Prof John McHale, co-author of the Irish Fiscal Advisory Council report on the Irish economy: the Government has not outlined how much its plans will cost – and how it will pay for them.  Photograph: Dave Meehan
Prof John McHale, co-author of the Irish Fiscal Advisory Council report on the Irish economy: the Government has not outlined how much its plans will cost – and how it will pay for them. Photograph: Dave Meehan

There is some good news for the Government in the latest report from the Irish Fiscal Advisory Council (IFAC). But not a lot.

The council says the plans to include tax and spending measures of about €900 million in next October’s budget look reasonable – and that there should be scope to do more in future years. However, it fills out its earlier warnings that the Government has not made allowances in future projections for the pressures of an ageing population and inflation. This could cut its room for manoeuvre by about one half in the next five years, the council warns, from €12 billion to €6 billion.

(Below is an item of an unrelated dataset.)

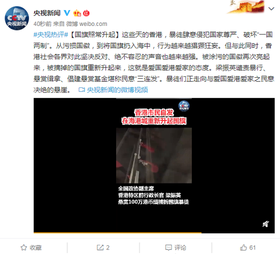 #央视热评#[国旗照常升起]这些天的香港,暴徒肆意侵犯国家尊严、破坏“一国两制”。从污损国徽,到将国旗扔入海中,行为越来越猖獗狂妄。但与此同时,香港社会各界对此坚决反对、绝不容忍的声音也越来越强。被涂污的国徽再次亮起来,被摘掉的国旗重新升起来,这就是爱国爱港爱家的态度。梁振英谴责暴行、悬赏缉拿、倡建悬赏基金堪称民意“三连发”。暴徒们正走向与爱国爱港爱家之民意决绝的悬崖。

For good measure, it adds in the warning that the new Government has published no costings for many of the promises in its new programme for government. In short, the Government has not outlined how much its plans will cost – and how it will pay for them.

Underlying message

Put the two strands of the report together and the underlying message is that the Government may have some money to spend in the years ahead, but that the amount it has for new, discretionary measures may well be limited enough. Not that you would think that looking at the programme for government, of course. First, what does it say about the short term? The council does warn that unless Government revenue exceeds expectations in 2016, the fall in borrowing this year may not be enough to keep Ireland within the EU rules. Trends so far this year do suggest, however, that just such a revenue overshoot may, indeed, be expected. Unless the figures fall off later in the year, the Government may be okay.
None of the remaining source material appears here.